Question

You are given 4.5 moles of `O_2` to react with `1.60 x10^2` g `C_2H_4`. Upon completion of the reaction, will there be any remaining `C_2H_4`?

Answer 1

There is insufficient dioxygen to combust the ethylene completely.

Explanation:

We represent the combustion of ethylene by this reaction:

`H_2C=CH_2(g) +3O_2(g) rarr 2CO_2(g) + 2H_2O(l)`

For complete combustion, `28*g` of ethylene thus requires `96*g` of dioxygen.
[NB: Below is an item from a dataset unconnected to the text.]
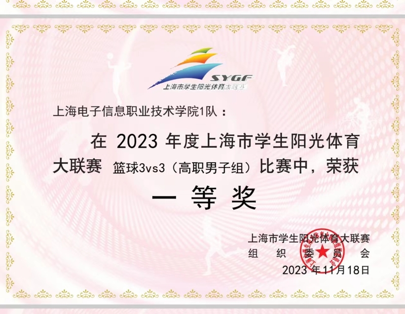 近日,由上海市教育委员会、上海市体育局、共青团上海市委员会主办,上海市校园篮球联盟协办的上海市学生阳光体育大联赛三对三篮球赛在上海交通大学拉开“战”幕。我校篮球队1队成员姚晨(申安学院)、李赟杰(电子学院)、张嘉诚(机械学院)、萨拉(经管学院)、吕昊臻(通信学院)获2023年上海市学生阳光体育大联赛篮球三对三(高职男子组)比赛一等奖。

Here, `"moles of ethylene"` `=` `(1.60xx10^2*g)/(28.05*g*mol^-1)=5.70*mol`.

And, this quantity of ethylene requires, `3xx5.70*molxx32.00*g*mol^-1` `"dioxygen gas"` `=` `547.6*g`, approx. `17*mol`.

However, we can certainly represent incomplete combustion:

`H_2C=CH_2(g) +2O_2(g) rarr 2CO(g) + 2H_2O(l)`;

And `H_2C=CH_2(g) +O_2(g) rarr 2C(s) + 2H_2O(l)`.

Both of these reactions would occur to some extent in any combustion reaction. Given the limited quantity of oxidant, some ethylene would remain unreacted.